Archive for the ‘Vagrant’ Category

The Data Science Toolkit is now on Vagrant!

Tuesday, January 29th, 2013

The Data Science Toolkit is now on Vagrant! by Pete Warden.

From the post:

I have fallen in love with Vagrant over the last year, it turns an entire logical computer as a single unit of software. In simple terms, you can easily set up, run, and maintain a virtual machine image with all the frameworks and data dependencies pre-installed. You can wipe it, copy it to a different system, branch it to run experimental changes, keep multiple versions around, easily share it with other people, and quickly deploy multiple copies when you need to scale up. It’s as revolutionary as the introduction of distributed source control systems, you’re suddenly free to innovate because mistakes can be painlessly rolled back, and you can collaborate other people without worrying that anything will be overwritten.
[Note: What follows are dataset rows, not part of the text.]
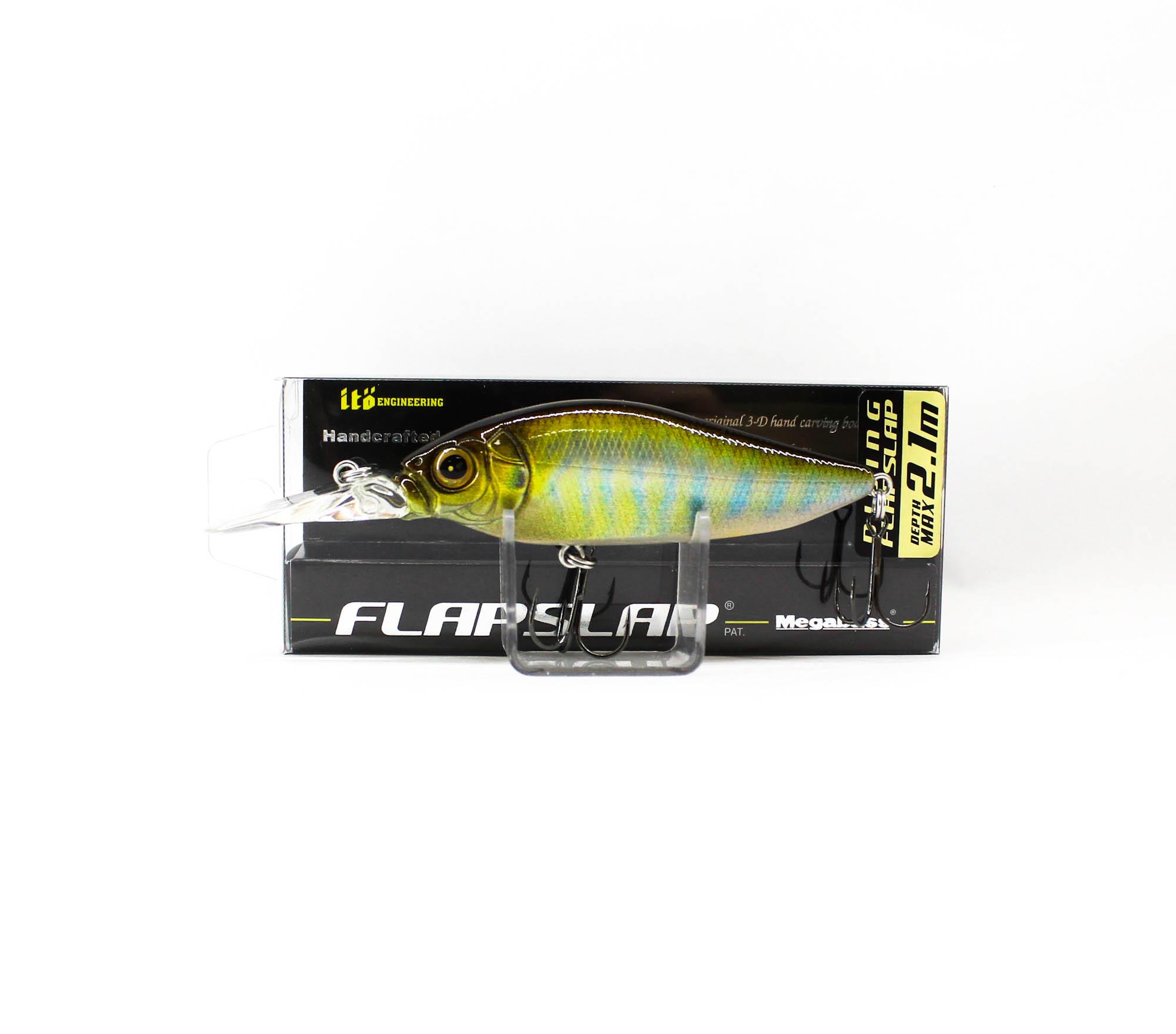 DIVING FLAP SLAP – модификация легендарного Flap Slap с лопатой способной заглубить приманку на глубину до 2-х метров. С Megabass Diving Flap Slap справится даже начинающий рыбак, так как его характеристики позволяют применять различные стили проводки. Базовой анимацией будет равномерная проводка с короткими остановками, также воблер может себя неплохо показать при использовании рывковой анимации. Высокое тело DIVING FLAP SLAP с плоскими боками создаёт сильные колебания и блики, привлекая рыбу со значительного расстояния. Наибольшую результативность воблер покажет при ловле щуки и окуня на озерах и речных заливах. Данная приманка оснащена острыми и надежными тройниками.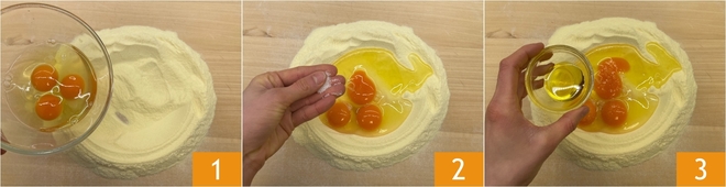 Para preparar a lasanha de radicchio, comece pela massa fresca: despeje a semolina na bancada de trabalho e forme uma fonte, depois adicione no centro os ovos 1, uma pitada de sal 2 e o óleo 3.
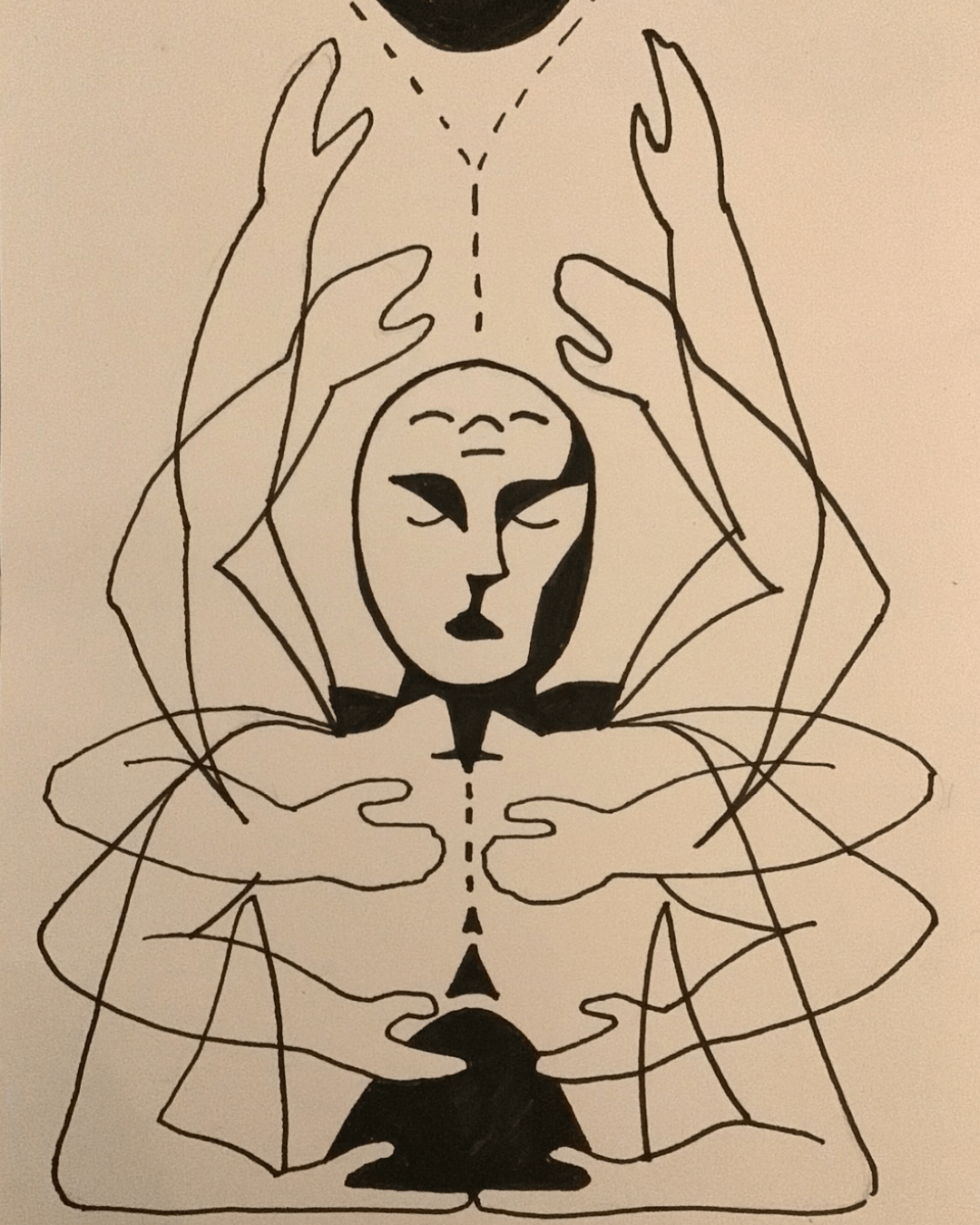 I’ve tried to capture this feeling and energy in this image. Inevitably, it is a dynamic sketch, showing a static heaviness in the resting arms, moving to reach up to the sky.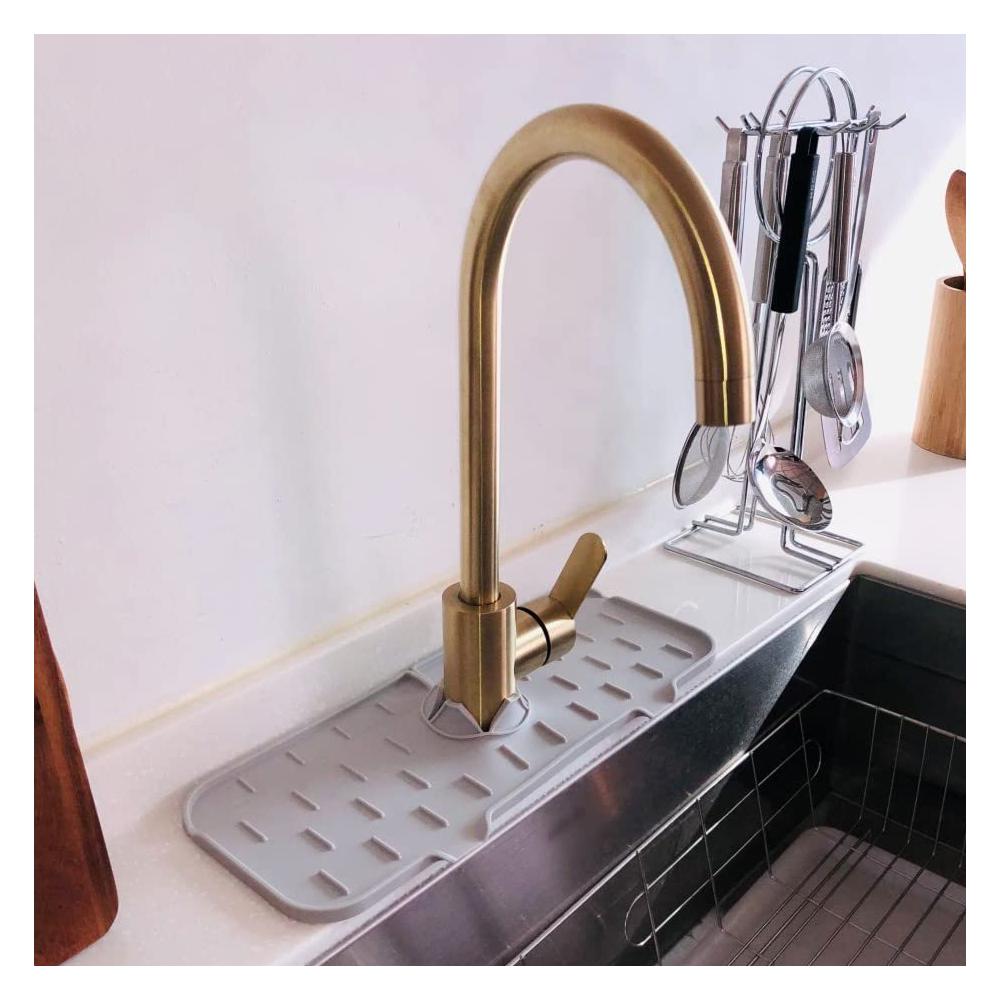 Termékünk speciális, körbetekerhető kialakítással rendelkezik, amely tökéletes a csap körül történő elhelyezéshez, tisztán és szárazon tartja a mosogatópultot. Azonnal felfogja a kifröccsenő vizet, és megakadályozza a víz felhalmozódását. A gumihátlap megakadályozza, hogy víz folyjon alá. Kevesebb, mint egy óra alatt megszárítható a levegőn, nincs szükség gyakori tisztításra, csupán néhány percet vesz igénybe a mosogatószeres tisztítása.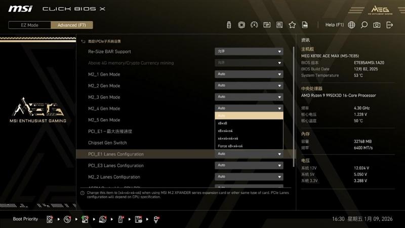 第一条pcie插槽支持x8+x8、x8+x4+x4、x4+x4+x4+x4三种拆分方式。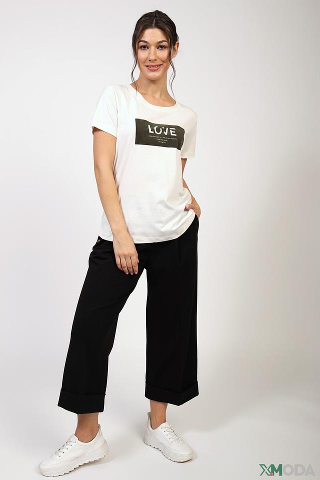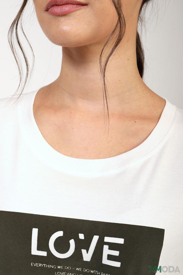 Особенностью этой модели является яркий принт LOVE, выполненный в контрастных чёрных тонах. Принт добавляет футболке оригинальности и выразительности.
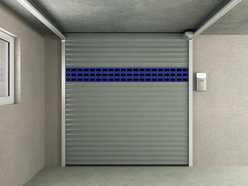 Selbst bei Ausfall des Motors oder einem Bruch der Federn bleibt das Tor in der momentanen Position. Der Antriebsmotor sitzt in der Mitte des Garagentors und ermöglicht selbst bei niedriger Deckenhöhe große Breiten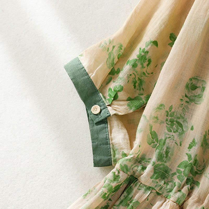 Buddha Stones Printing Buttons Drawstring High Waist Short Sleeve Cotton Midi Dress With Pockets - image 8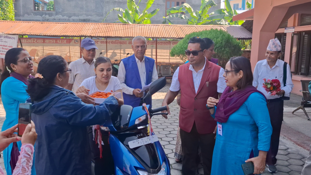 ‘रत्ननगरमा आर्थिक अभावका कारण पढ्नबाट कोही पनि वन्चित हुनु पर्दैन’, उनले भने, नगरपालिकाले अभिभावकत्व ग्रहण गर्ने प्रकृतिजस्तै विद्यार्थीहरुका लागि हो ।’ शहीद स्मृति बहुमुखी क्याम्पससम्म जान आउन सहज होस् भनेर चारपाङ्ग्रे स्कुटर प्रदान गरिएको र उनका लागि आवश्यक शैक्षिक शुल्क, स्टेसनरी लगायतका सामग्रीको लागि पनि नगरपालिकाले सहयोग गर्ने र स्नातक उत्तीर्णपश्चात् जागिरको प्रबन्ध गर्नसमेत आफू प्रतिबद्ध रहेको मेयर सापकोटाले बताए ।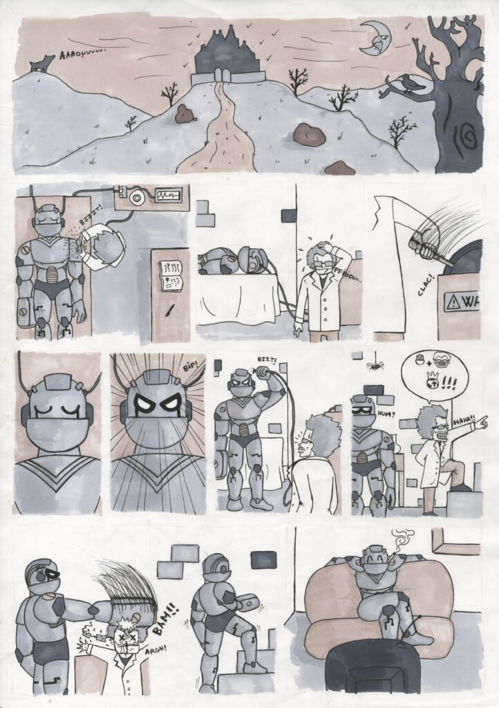Pour la planche de BD avec le robot, nous n'avons été autorisés à utiliser que trois couleurs, ce qui a ajouté un défi intéressant. J’ai eu beaucoup de plaisir à travailler sur ces illustrations!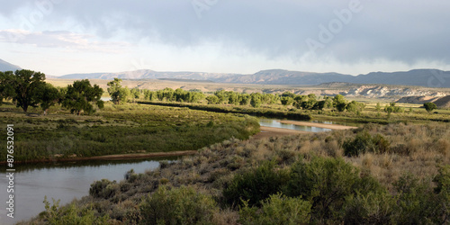Wide panorama of the Green River and riparian landscape with dry rain overhead at Browns Park National Wildlife Refuge in Colorado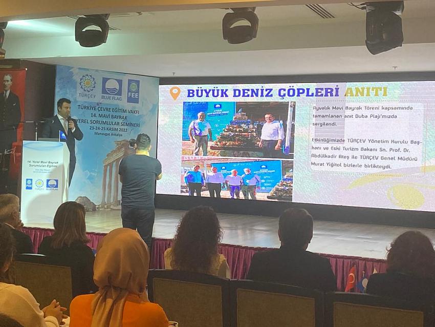 Etkinlikte Ayvalık Belediyesi tarafından 2022 yılı yaz sezonunda yapılan farkındalık etkinlikleri örnek gösterildi. Seminerin ikinci gününde Ayvalık Belediyesi Yerel Mavi Bayrak Sorumlusu Lütfü Kotan tarafından, Büyük Deniz Çöpleri Anıtı ve İzmaritsiz Ayvalık farkındalık çalışmaları ve Uluslararası Karikatür Yarışması katılımcılara anlatıldı.

Before I discovered Vagrant, I’d attempted to do something similar with my Data Science Toolkit package, distributing a VMware image of a full linux system with all the software and data it required pre-installed. It was a large download, and a lot of people used it, but the setup took more work than I liked. Vagrant solved a lot of the usability problems around downloading VMs, so I’ve been eager to create a compatible version of the DSTK image. I finally had a chance to get that working over the weekend, so you can create your own local geocoding server just by running:

vagrant box add dstk http://static.datasciencetoolkit.org/dstk_0.41.box

vagrant init

The box itself is almost 5GB with all the address data, so the download may take a while. Once it’s done go to http://localhost:8080 and you’ll see the web interface to the geocoding and unstructured data parsing functions.

Based on Oracle’s VirtualBox, this looks like a very cool way to distribute topic map applications with data.

Remember the Emulate Drug Dealers [Marketing Topic Maps] post?

I was very serious.